Work required. With pictures left out, write out exactly every line from the start of the data through the one that contains "Archivado en Aisialdia/Ocio, Auzobizitza/Vida".

Information provided.
[Start of Attachment]

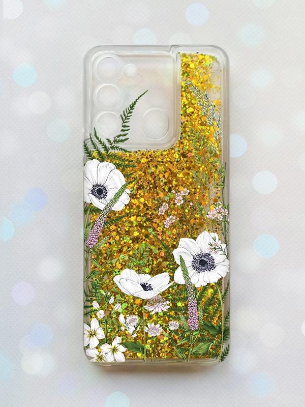 Чехол с плавающими блестками на tecno spark go 2022 золотой :: цветы полевые (принт 363)
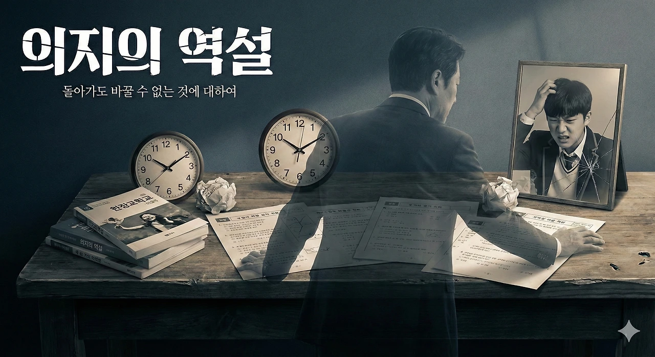 2. 작품 개요 * 제목: 의지의 역설 (The Paradox of Will) * 장르: 하이퍼 리얼리즘, 심리 드라마 * 핵심 주제: 후회의 기만성과 인간 본성의 불변성 * 주요 타겟: 학벌 중심 사회에서 과거를 후회하는 30-40대 성인층
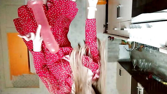 un consolador largo está extendiendo mi coño y la leche está saliendo de mis pechos
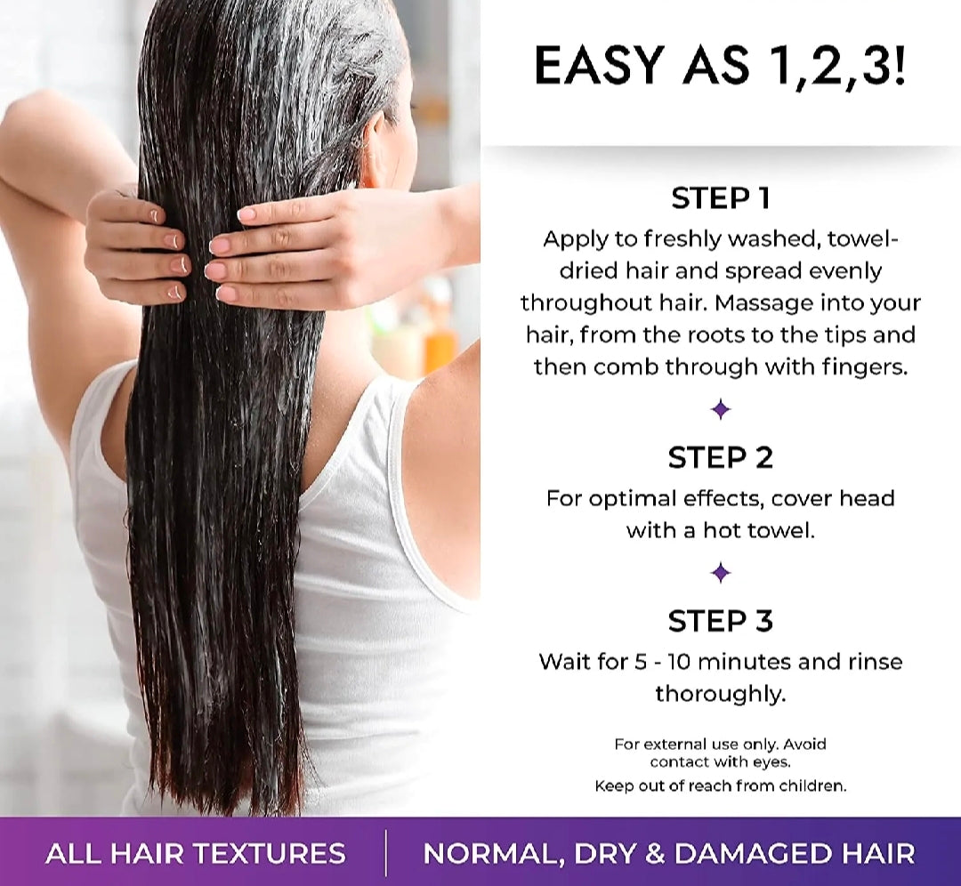 After shampooing, apply evenly on damp hair from mid-lengths to ends. Leave for 10–15 minutes, then rinse thoroughly. Use 1–2 times a week for best results.
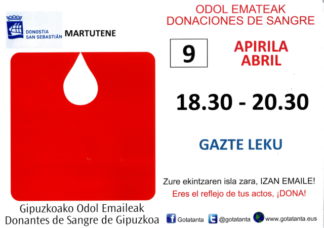 Archivado en Aisialdia/Ocio, Auzobizitza/Vida de barrio, Bizilagunak/Ciudadanos, Ekintzak/Actividades, Elkartasuna/Solidaridad, Eragile sozialak/Agentes Sociales, Etxarriene, Gazteleku, Iragarkiak/Anuncios, Partaidetza/Participación, Udaletxea/Ayuntamiento, Zerbitzuak/Servicios · Tagged with abril, apirila, donaciones, Donantes, etxarriene, gaztelekua, Gipuzkoa, gotatanta, martutene, odol emaileak, odol emateak
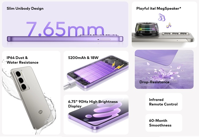 Available for Rs. 7,599, the itel City 100 comes in three colors: Fairy Purple, Navy Blue, and Pure Titanium. It is available for purchase at retail locations nationwide. The brand offers a free screen replacement within the first 100 days, along with a limited-time magnetic speaker valued at Rs. 2,999.
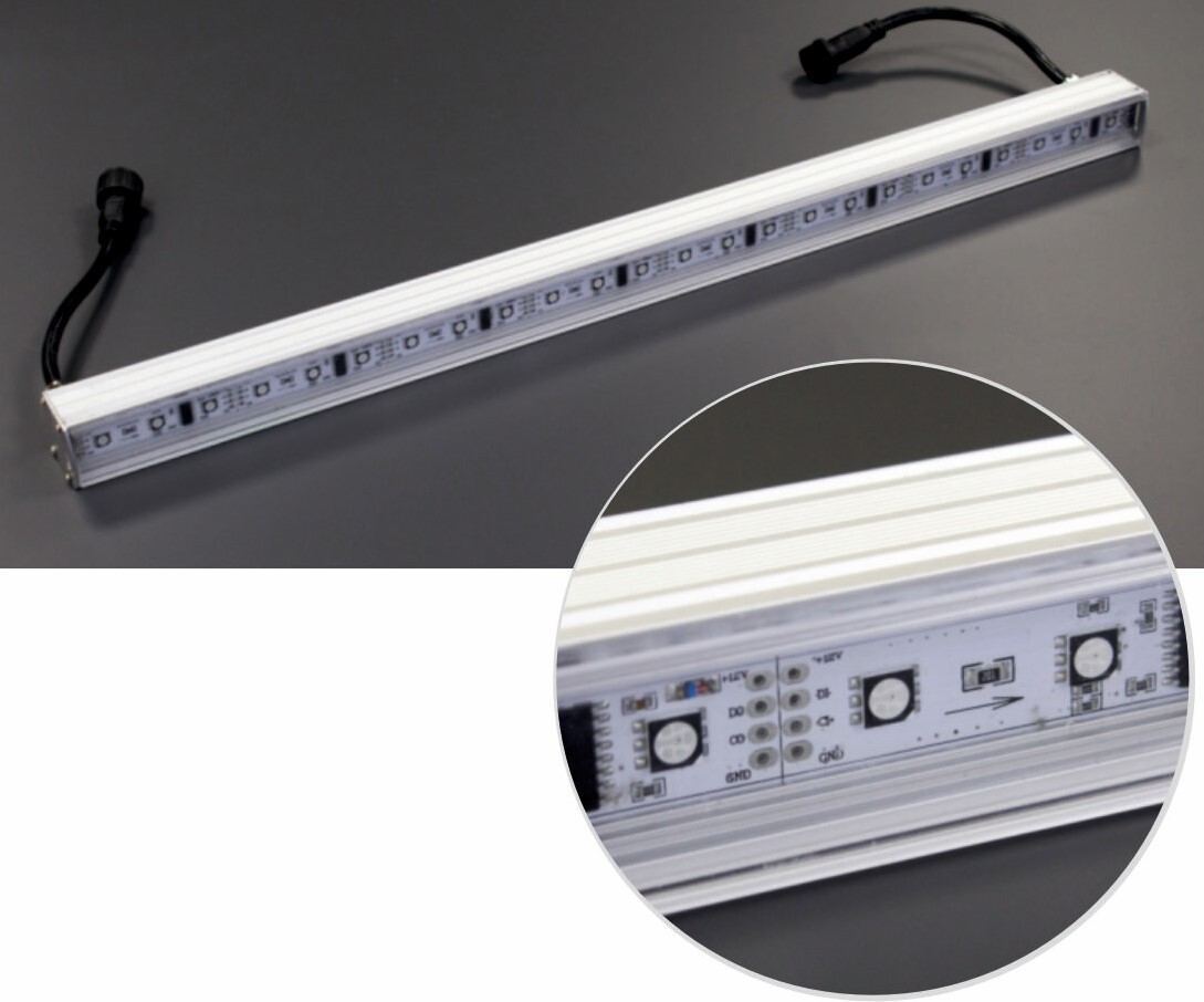 Технические характеристики для всех светильников: Тип диода: RGB 5050 / RGB 3535 (для UCS1903) Контроллер: SM16716 / 16726 / UCS1903 / UCS512C4 Количество светодиодов: 48 Количество управляемых сегментов:16 Расстояние между светодиодами: 21 мм Напряжение питания: DC 12 V Потребляемая мощность: 12 W/m Световой поток: 258,24 lm/m Угол светового потока: 40 гр. Класс защиты: IP67 / IP20 Корпус: Алюминий (серебристый / черный) Размер: 1000*27*30 (60 с кронштейном) мм Вес: 610г (светильник длиной 1 м с разъемами) / 50г (комплект кронштейнов)

[End of Attachment]

Output of the exercise.
 Чехол с плавающими блестками на tecno spark go 2022 золотой :: цветы полевые (принт 363)
 2. 작품 개요 * 제목: 의지의 역설 (The Paradox of Will) * 장르: 하이퍼 리얼리즘, 심리 드라마 * 핵심 주제: 후회의 기만성과 인간 본성의 불변성 * 주요 타겟: 학벌 중심 사회에서 과거를 후회하는 30-40대 성인층
 un consolador largo está extendiendo mi coño y la leche está saliendo de mis pechos
 After shampooing, apply evenly on damp hair from mid-lengths to ends. Leave for 10–15 minutes, then rinse thoroughly. Use 1–2 times a week for best results.
 Archivado en Aisialdia/Ocio, Auzobizitza/Vida de barrio, Bizilagunak/Ciudadanos, Ekintzak/Actividades, Elkartasuna/Solidaridad, Eragile sozialak/Agentes Sociales, Etxarriene, Gazteleku, Iragarkiak/Anuncios, Partaidetza/Participación, Udaletxea/Ayuntamiento, Zerbitzuak/Servicios · Tagged with abril, apirila, donaciones, Donantes, etxarriene, gaztelekua, Gipuzkoa, gotatanta, martutene, odol emaileak, odol emateak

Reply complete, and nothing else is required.